Avec les conditions hivernales, les conducteurs cherchent instinctivement à mieux voir et à être mieux vus. Pourtant, ce réflexe peut parfois conduire à des erreurs, notamment lorsqu’il s’agit des feux antibrouillard. Nombreux sont ceux qui les enclenchent dès que le ciel se couvre, pensant adopter une conduite prudente, alors même que ces feux n’ont pas vocation à être utilisés en permanence.

Les feux antibrouillard, un usage strictement encadré

Le Code de la route ne laisse aucune place à l’interprétation. Les feux antibrouillard ne sont autorisés que dans trois situations précises : brouillard dense, neige ou pluie particulièrement intense. Plus restrictif encore, le feu antibrouillard arrière ne doit être utilisé qu’en cas de brouillard ou de neige, car sa puissance lumineuse peut facilement éblouir les conducteurs qui suivent.
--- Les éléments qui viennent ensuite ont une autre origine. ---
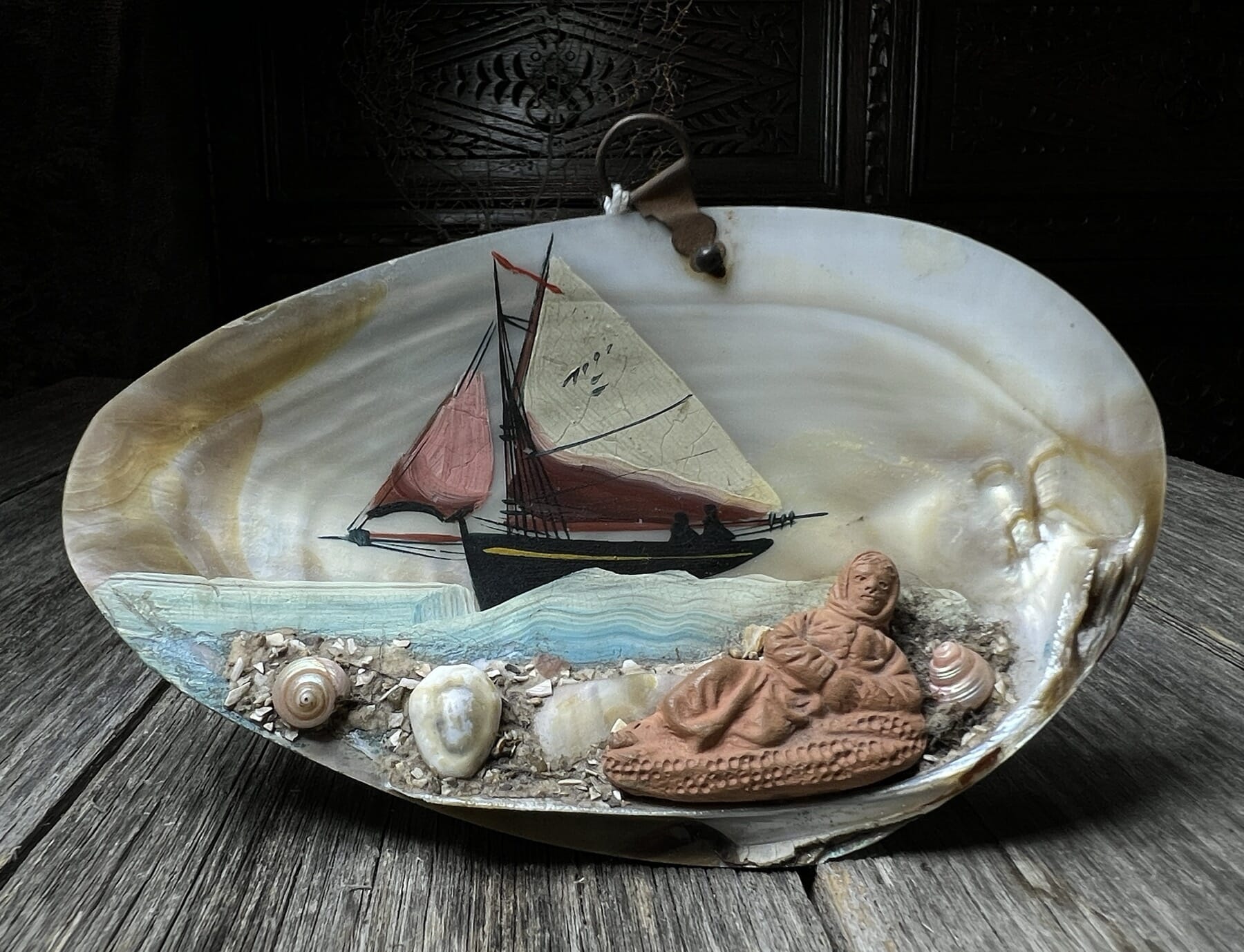 Mussel shell diorama, with terracotta fishwife & painted fishing boat, c.1890
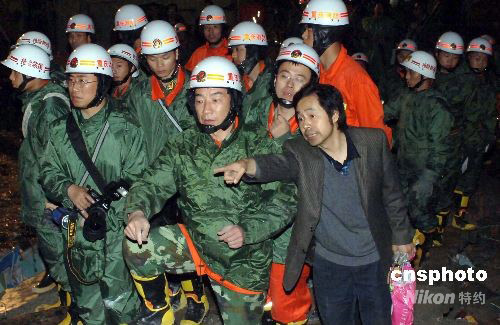 四川汶川縣5月12日發(fā)生7.8級(jí)地震后,北川縣北川中學(xué)受到極大的迫害,將近三千名的學(xué)生中僅有一半學(xué)生生存,另一部分學(xué)生因樓房倒塌而遇難或受傷。抗震消防隊(duì)員不顧艱險(xiǎn)連續(xù)工作,利用不同工具挖掘被壓人員,并及時(shí)成功搶救出一批學(xué)員。圖為綿陽(yáng)一位建筑設(shè)計(jì)人員輔助施工人員進(jìn)行搶險(xiǎn)救災(zāi)。中新社發(fā) 鄒憲 攝
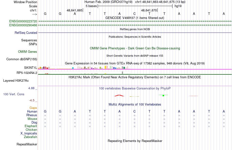 - TEF[chr1:48641663-48641675]
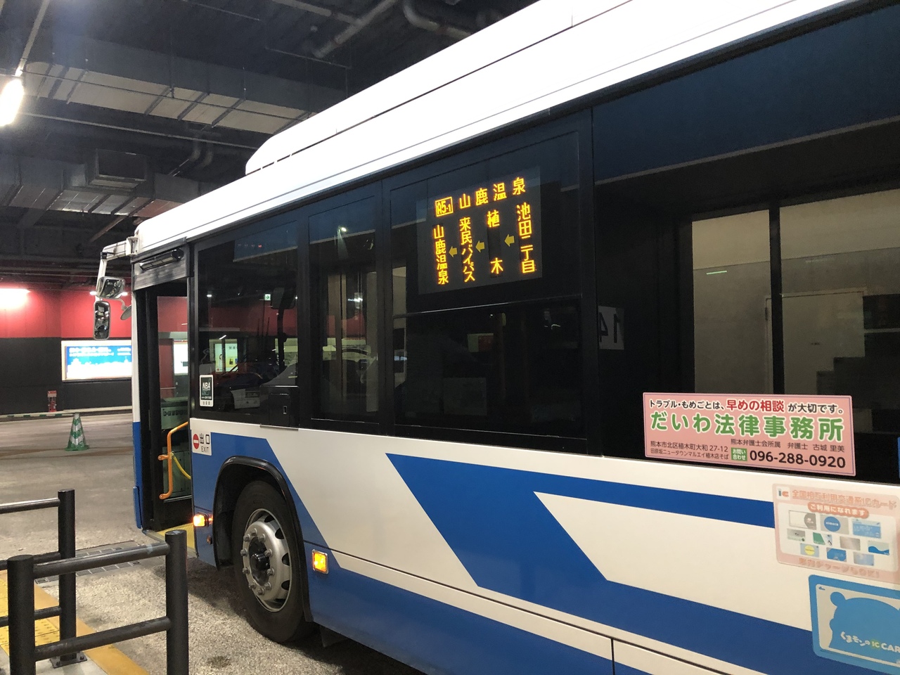 熊本市内や近隣都市を繋ぐ路線バスです。現金支払いの他、ICカードが利用できて便利でした。熊本市内の桜町バスターミナルから山鹿バスターミナルまでの移動で利用したところ、熊本城や修復中の城壁、人々の生活が感じられる住宅街や通勤で混む幹線道路などの風景が車窓から見られ、ローカルな雰囲気が心地よかったです。

La règle simple des 100 mètres

Pour éviter toute confusion, une règle pratique fait consensus. Si la visibilité dépasse 100 mètres, l’usage des feux antibrouillard n’est pas justifié, même si les conditions semblent inconfortables. Cette limite constitue un repère clair pour savoir quand activer – ou non – ce type d’éclairage, souvent utilisé à tort dans des situations banales de pluie ou de grisaille.